- _Your instructions_
Copy out exactly the lines below that run from the one holding "商品金额:¥650 | 购买数量:10 |" to the one holding "他国の戦車には見られないフロ", keeping both of those lines and no others.

- _The data_
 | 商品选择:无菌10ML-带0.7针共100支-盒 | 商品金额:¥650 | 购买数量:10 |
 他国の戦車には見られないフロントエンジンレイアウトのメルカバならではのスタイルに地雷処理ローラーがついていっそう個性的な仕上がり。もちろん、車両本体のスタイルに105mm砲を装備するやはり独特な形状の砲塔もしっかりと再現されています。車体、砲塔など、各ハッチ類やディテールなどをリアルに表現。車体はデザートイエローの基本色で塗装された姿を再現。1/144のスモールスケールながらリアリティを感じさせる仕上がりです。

...

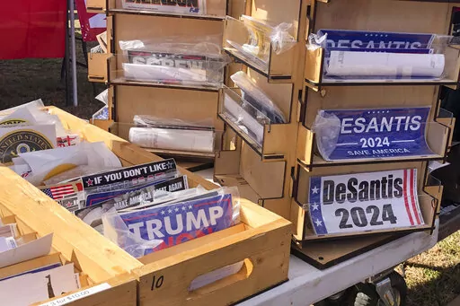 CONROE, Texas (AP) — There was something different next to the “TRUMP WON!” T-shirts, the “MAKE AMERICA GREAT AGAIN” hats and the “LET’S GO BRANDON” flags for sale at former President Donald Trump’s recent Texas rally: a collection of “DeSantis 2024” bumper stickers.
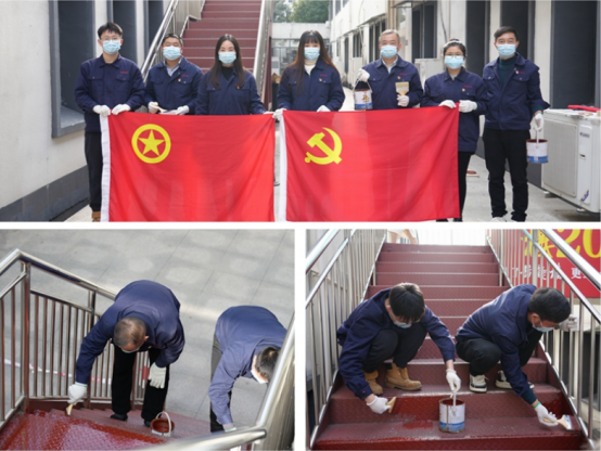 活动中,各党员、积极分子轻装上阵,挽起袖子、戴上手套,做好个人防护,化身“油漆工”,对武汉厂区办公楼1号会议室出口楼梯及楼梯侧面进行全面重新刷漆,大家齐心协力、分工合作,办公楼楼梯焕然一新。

- _Reply_
 | 商品选择:无菌10ML-带0.7针共100支-盒 | 商品金额:¥650 | 购买数量:10 |
 他国の戦車には見られないフロントエンジンレイアウトのメルカバならではのスタイルに地雷処理ローラーがついていっそう個性的な仕上がり。もちろん、車両本体のスタイルに105mm砲を装備するやはり独特な形状の砲塔もしっかりと再現されています。車体、砲塔など、各ハッチ類やディテールなどをリアルに表現。車体はデザートイエローの基本色で塗装された姿を再現。1/144のスモールスケールながらリアリティを感じさせる仕上がりです。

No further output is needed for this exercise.